### COLLECTED MATERIAL:
· · ·

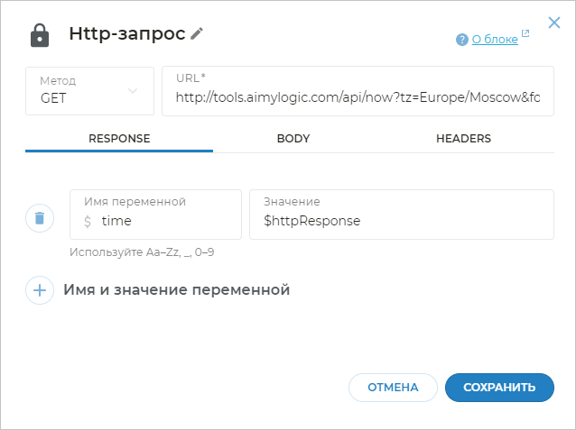 tz после знака =. Часовой пояс указывается в формате IANA TZDB. Например, чтобы получить дату и время в Токио, в URL укажите tz=Asia/Tokyo.Нажмите Имя и значение переменной. В качестве имени переменной укажите time, а в качестве значения — $httpResponse.
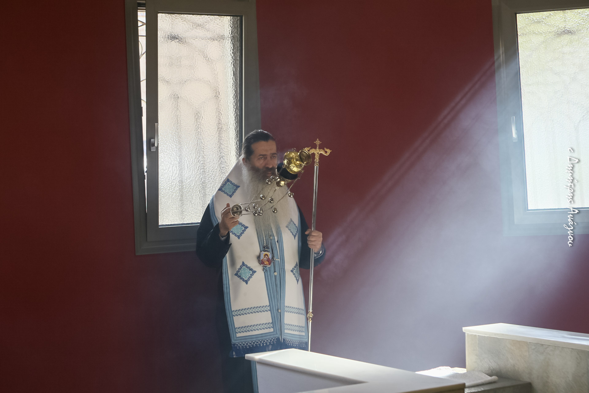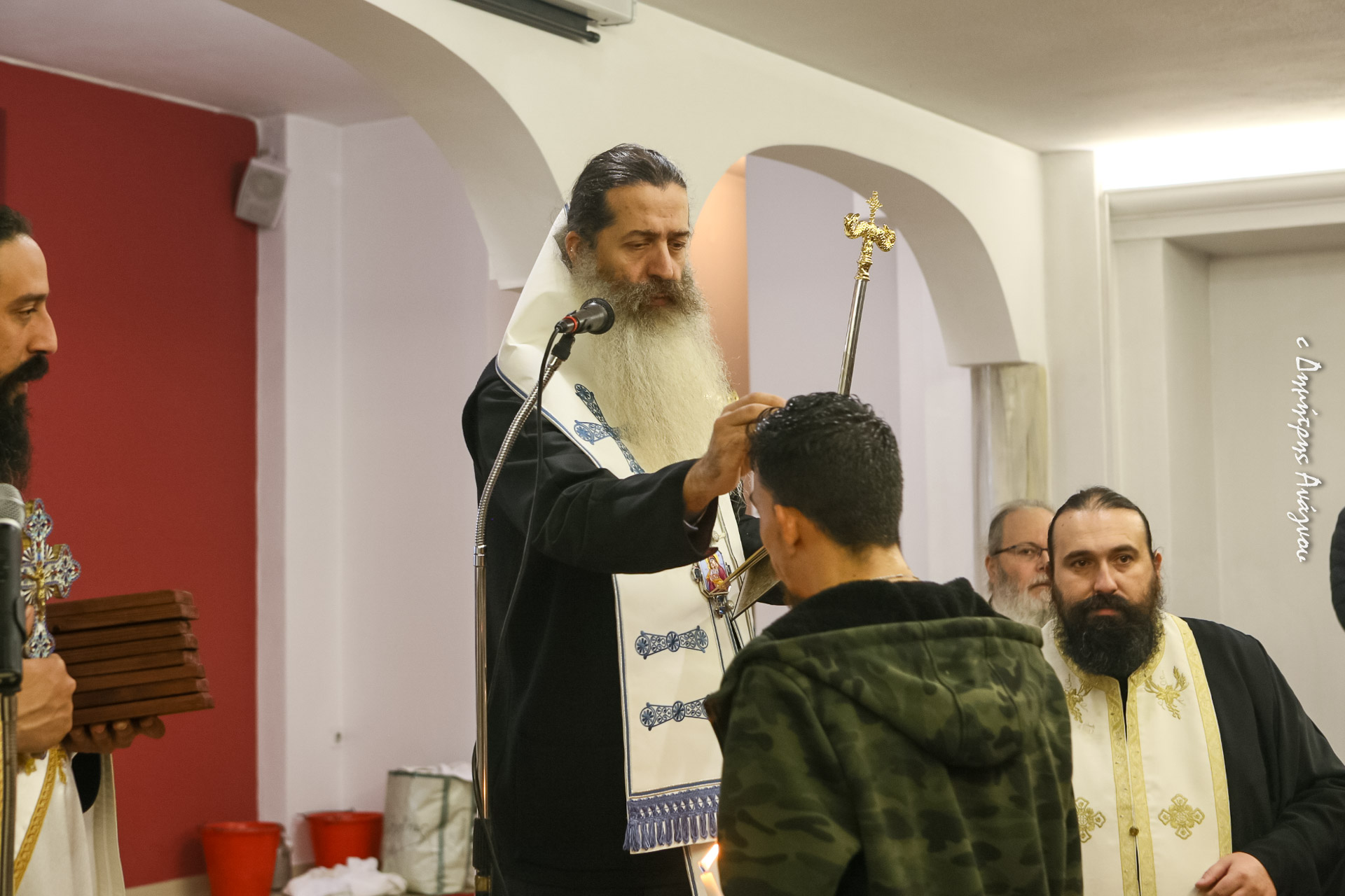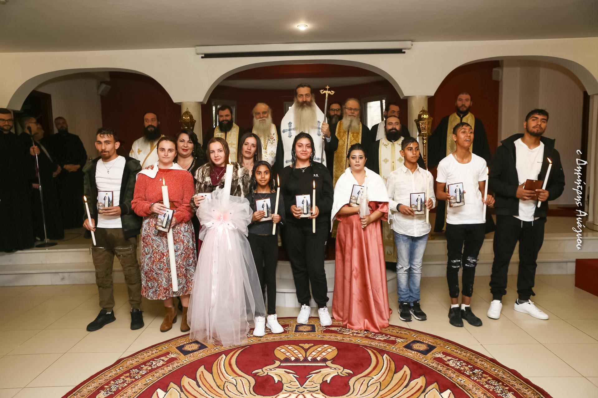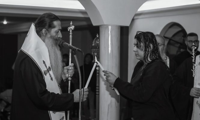 Στα μυστήρια, τα οποία τελέστηκαν στο Ιερό Βαπτιστήριο του Αγίου Ιερομάρτυρος Γρηγορίου, Μητροπολίτου Νέων Πατρών, στην Αγία Παρασκευή Νέας Άμπλιανης, χοροστάτησε ο κ. Συμεών.
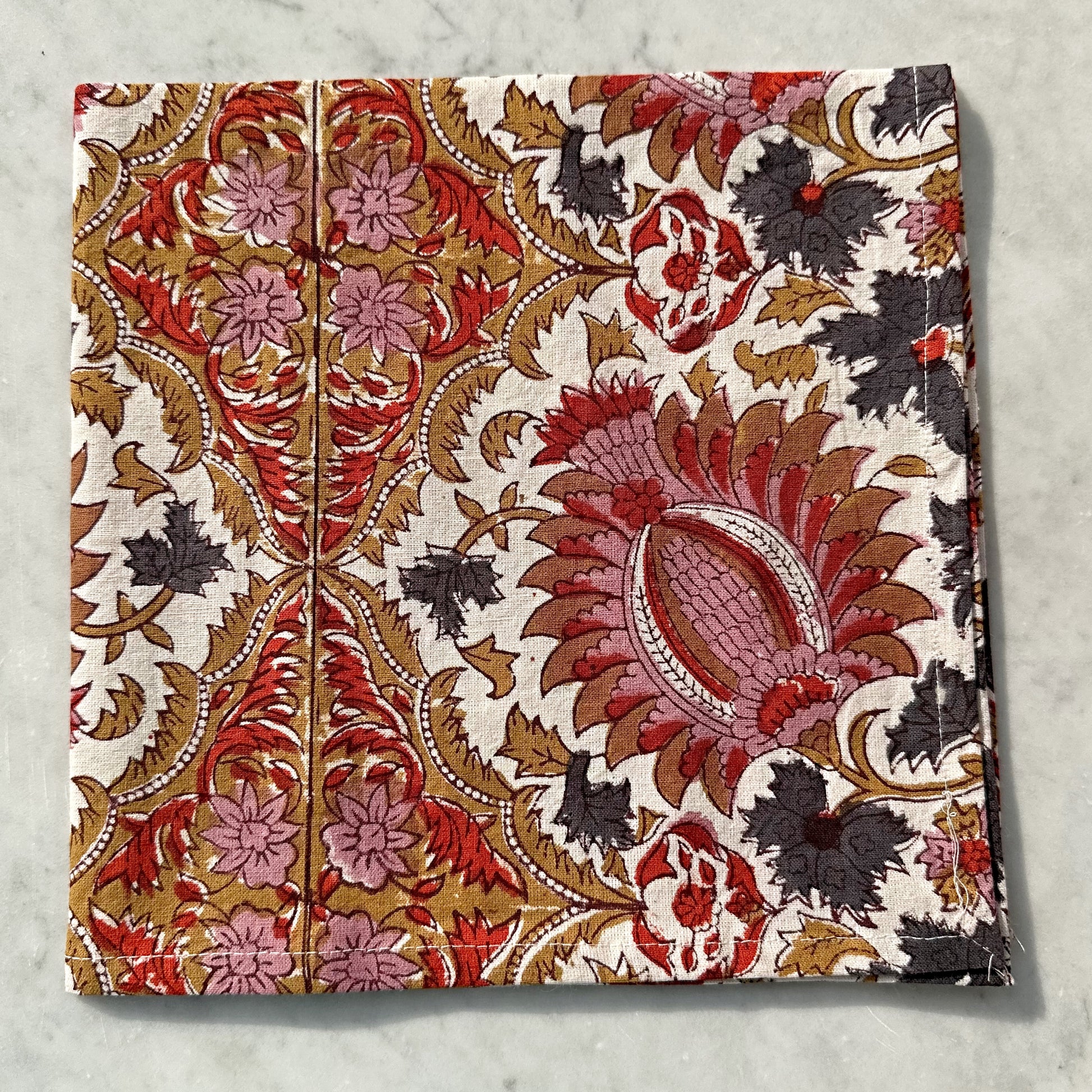 Handmade block-printed 100% cotton napkins in a variety of colours and patterns.

· · ·

### WORK ITEM:
Repeat the listing exactly, minus its pictures.

### RESPONSE FOR THIS EXERCISE:
 tz после знака =. Часовой пояс указывается в формате IANA TZDB. Например, чтобы получить дату и время в Токио, в URL укажите tz=Asia/Tokyo.Нажмите Имя и значение переменной. В качестве имени переменной укажите time, а в качестве значения — $httpResponse.
 Στα μυστήρια, τα οποία τελέστηκαν στο Ιερό Βαπτιστήριο του Αγίου Ιερομάρτυρος Γρηγορίου, Μητροπολίτου Νέων Πατρών, στην Αγία Παρασκευή Νέας Άμπλιανης, χοροστάτησε ο κ. Συμεών.
 Handmade block-printed 100% cotton napkins in a variety of colours and patterns.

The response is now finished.